Entiendo la idea de Walrus, sacar los costos del precio de la moneda es el camino correcto.
De lo contrario, las empresas realmente no se atreven a poner cosas en la cadena, y si esto continúa, los grandes inversores se irán a Web2.
Cada vez que se habla del modelo de tarifas en los protocolos de criptomonedas, muchas personas piensan automáticamente en una fórmula: subida de la moneda → uso caro, bajada de la moneda → uso barato. Suena razonable, pero desde otra perspectiva—desde el punto de vista de la infraestructura—esto en realidad es un diseño muy peligroso.
¿Por qué digo esto? Imagina que eres creador de contenido y necesitas archivar tus obras a largo plazo; o eres un financiero de una empresa y debes hacer un presupuesto anual para los costos de almacenamiento; o diriges un equipo de IA y necesitas planificar la conservación de conjuntos de datos de entrenamiento. Si el precio del almacenamiento fluctúa diariamente con el valor de la moneda, simplemente no puedes hacer un presupuesto. Lo peor es que, si un usuario quiere guardar un documento importante y se ve obligado a apostar por la tendencia del mercado de las criptomonedas, ¿no es eso una forma de ser forzado a volver a Web2? Al menos en Web2, aunque más caro, los precios son estables y predecibles.
La idea propuesta por Walrus es diferente. En su diseño, se esfuerzan por hacer que los costos de almacenamiento sean más estables y predecibles en términos de moneda fiduciaria. En pocas palabras, separan el "costo de uso" de la "volatilidad del precio de la moneda", haciendo que el almacenamiento sea un servicio básico similar al agua, electricidad o gas, en lugar de una apuesta que puede duplicarse cada día. Aquí, la palabra clave es "lo más posible"—no se trata de prometer una ancla perfecta, sino de decir la verdad: nuestra filosofía de producto es que la facturación debe estar cerca de la realidad.
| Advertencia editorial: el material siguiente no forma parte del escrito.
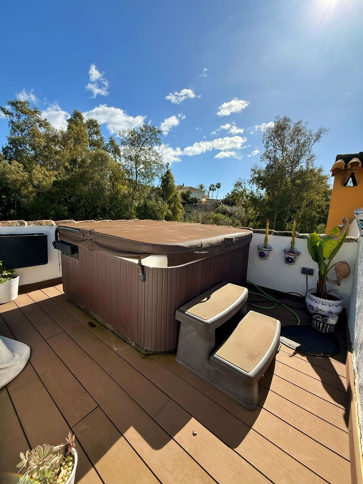 The property has been newly renovated and offers approximately 200 m² of plot size and 110 m² of usable living space, distributed over two floors plus a stunning solarium with jacuzzi. The southwest orientation ensures natural light throughout the day.

Lo que realmente preocupa a los usuarios es "¿Cuánto me costará guardar esto durante un año?", no "¿Cómo está el sentimiento del Gas en la cadena hoy?".
Para los usuarios reales, esta diferencia es enorme. Cuando se trata de crear contenido, registrar transacciones o archivar datos, lo que más temen no es "gastar un poco más hoy", sino "que de repente mañana cueste diez veces más". Solo con costos previsibles se puede sostener una aplicación a largo plazo, y eso es exactamente lo que un protocolo de almacenamiento debería ofrecer.